Before I discuss in short why I believe the TV show “Detroit 1-8-7” is great for viewers and great for the city of Detroit, I first have to admit something. I honestly admit that when I first heard about the idea of a television show called “Detroit 1-8-7” being produced, I thought just from the title alone and the seemingly increasing negative perception of Detroit at the time, that it was going to not be good at all.

As a long-time Detroiter myself,  the only things that I was hearing at the time about Detroit frequently in the media was: 1) How bad our “crazy” ex-mayor Mr. Kwame Kilpatrick during the infamous text message scandal …2) How bad our coveted “Big 3” (Chrysler, Ford, GM) auto industry was taking a hit…3) And last but not least…How bad our major football team the Detroit Lions was with having one of the worst season records in NFL history. So to hear that a show with the police code for homicide in its title and was about Detroit, I was bummed that it could further damage the already hurting image of the city to the main media.

But wow, was I wrong!

After the show started getting its overall feel with character-focused stories in its 2nd and 3rd episodes (with the pilot episode coming off like a “test run”), I was instantly hooked. Instead of putting a major focus on the negatives of the city, which could have easily “glorified” and focused on the murder cases and various crimes in Detroit, they instead made the show about people unifying to help stop the bad in the city while showing off what Detroit is all about. The show comes off as a really well –written, basic “cop show” that just happens to be in Detroit without making the city look like an crazy, apocalyptic nightmare. Just a normal great town trying to better itself and make an overall “comeback”.

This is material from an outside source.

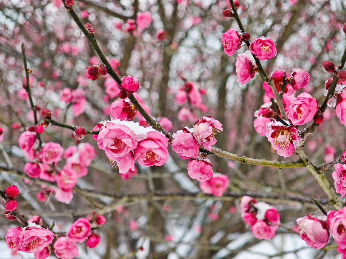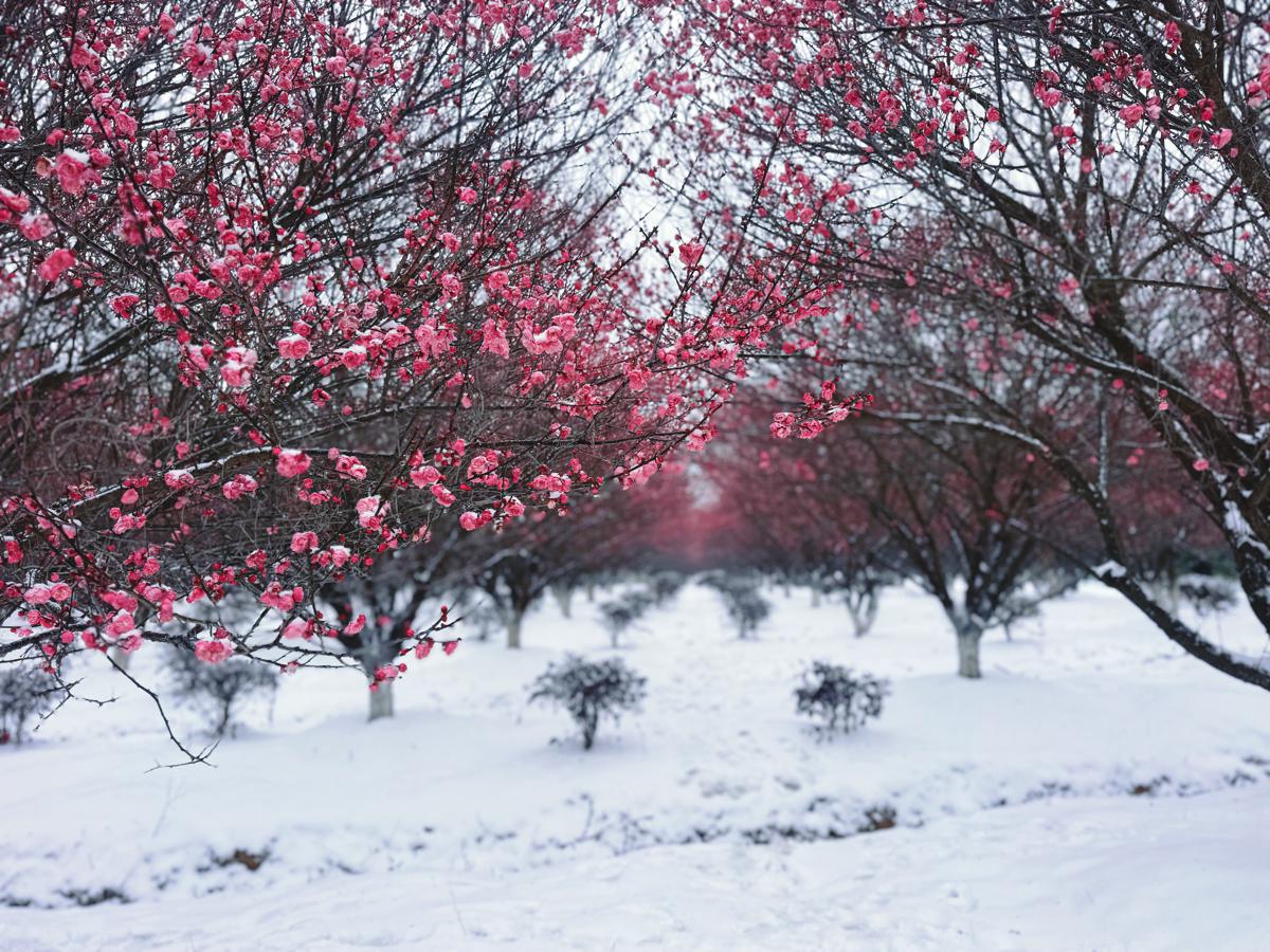 A red plum forest under a blanket of snow in Tongzhouling village, Wuhan. [Photo by Xu Ting/For chinadaily.com.cn]

And not only this, it still gives me great joy every episode when I’m reminded of the fact that this show was actually FILMED IN DETROIT, as opposed to other known shooting locations like Toronto or Minnesota being portrayed as “Detroit” on film (looking at you “Detroit Rock City!!).

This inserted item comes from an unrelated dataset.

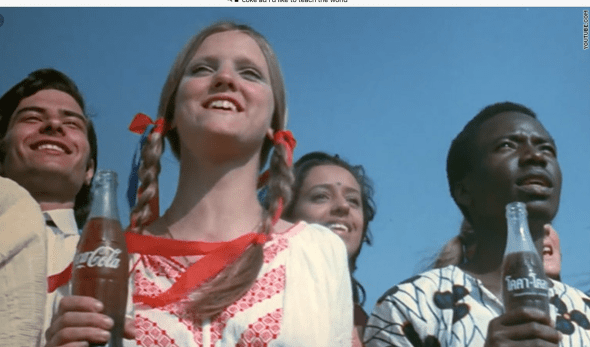 This Coke ad reminded me of the “I’d like to teach the world to sing” Coke ad. In 1971 when that ad came out it was ground breaking in the rainbow of people it featured. It was a changing moment for Madison Avenue. Finally regular people were staring in ads and we liked them and it made us feel good about ourselves.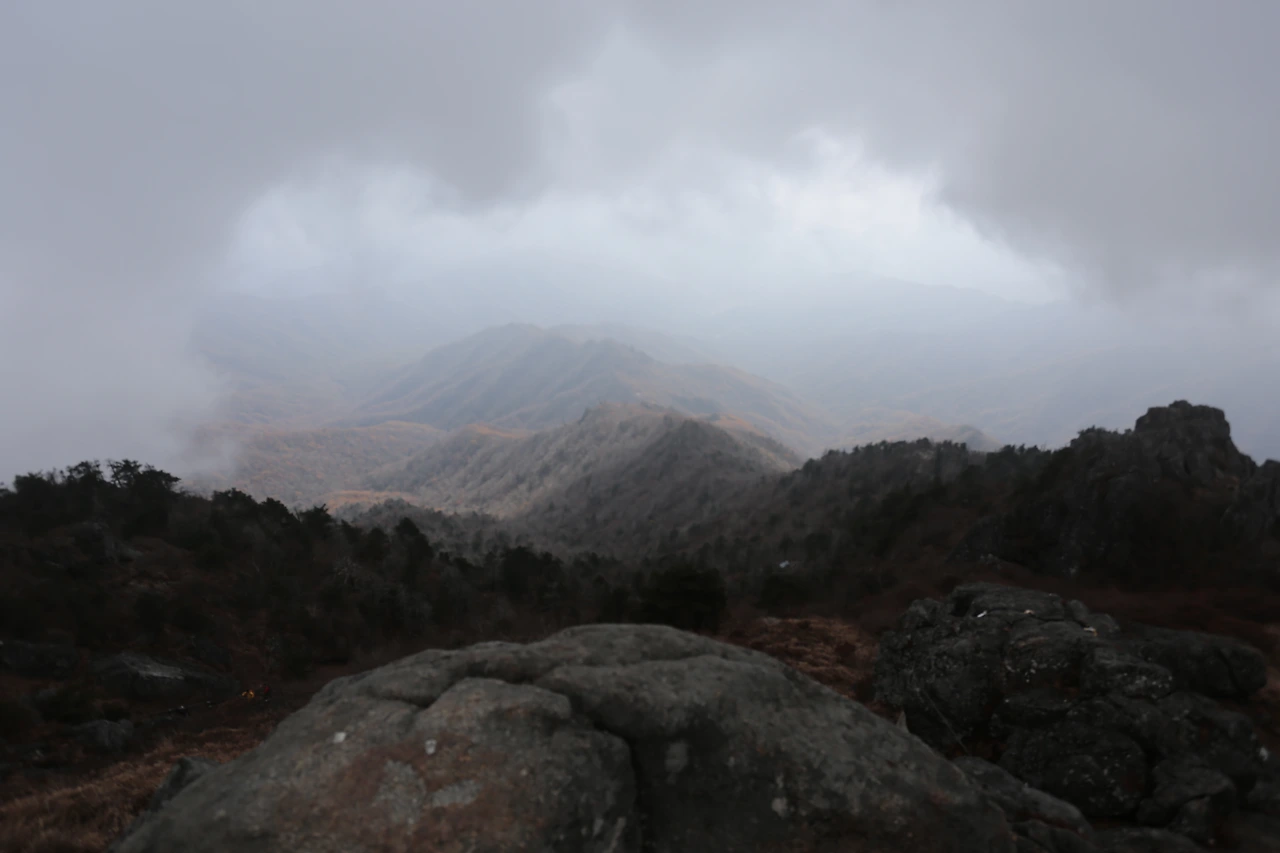 산등선에서 간혹 보여주는 장관은 무거워진 발걸음에 힘을 실어준다. 높이 오를수록 구름이 낮아지고 있다.

When I see images like this every week of the sights and sounds of Detroit…

 

 

…it seriously makes me both excited and very proud to be a Detroiter here.

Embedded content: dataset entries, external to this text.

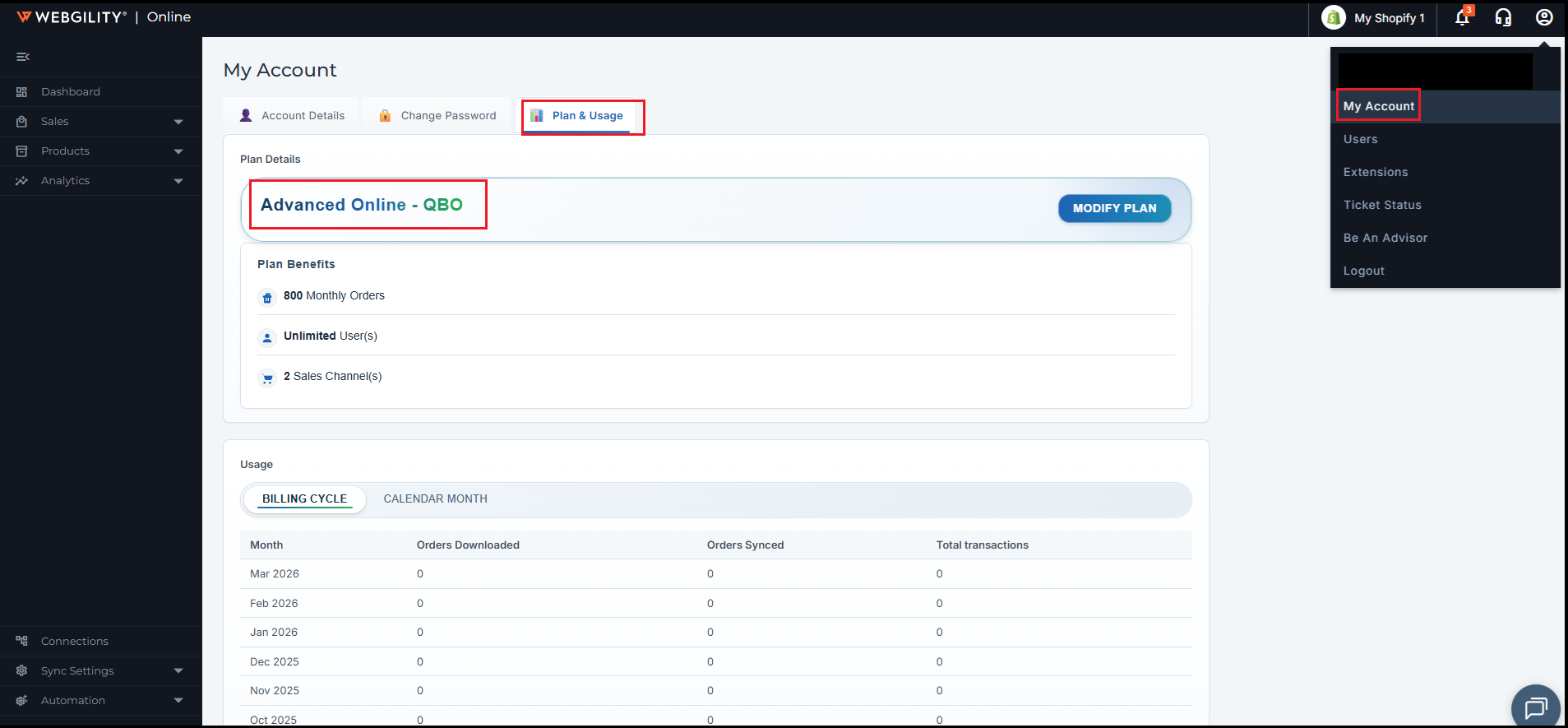 It will open My Account page inside Webgility Online application itself and then you can navigate to Plan & Usage tab where it will show you the current plan you are running for Webgility Online application and it related details.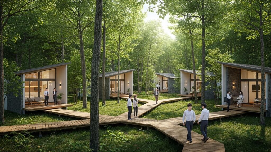 加えて、特定のチームで篭って作業をする場合です。 事実、森の中に点在する独立型コテージを、サテライトオフィスとして活用します。 誰にも邪魔されない静寂と、すぐに議論できるホワイトボード。 煮詰まったらサウナへ直行。 これこそが、生産性を極限まで高める、クリエイターやエンジニアにとっての理想の作業場です。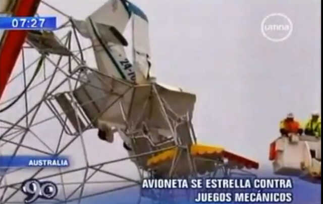 Una avioneta se estrelló contra un juego mecánico llamado “La rueda de la fortuna” y milagrosamente no causó heridos de gravedad en un episodio registrado en Australia.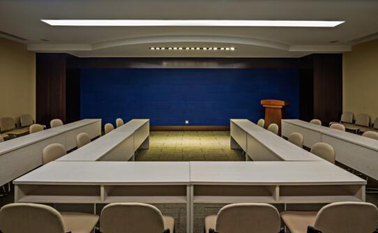 深藍色背景加強了空間的質(zhì)感, 對稱布置的桌椅, 平衡了空間的秩序。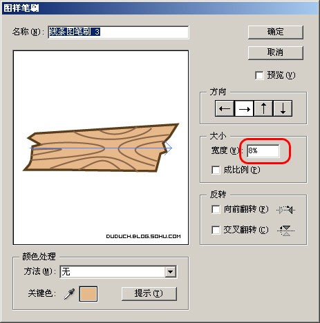 4.应用画笔,因为画笔定义的大小问题,需要适当的调整笔刷的大小比例(双击笔刷调板的对应笔刷即可

So with the season (hopefully not series) finale of “Detroit 1-8-7” airing this Sunday, I really hope and pray that not only do our loyal, awesome Detroit viewers and supporters tune in to help keep the show alive, but also for anyone from across the nation who remotely loves good television to tune in as well.

In the end, the show has done a tremendous job of portraying the city in a good light while also helping out the Detroit and Michigan film industry as a whole with providing jobs and boosting economy. And overall, it would be a darn shame if a great show like “Detroit 1-8-7” isn’t given a second chance to really prove its worth amongst the best “cop shows” done on television so far.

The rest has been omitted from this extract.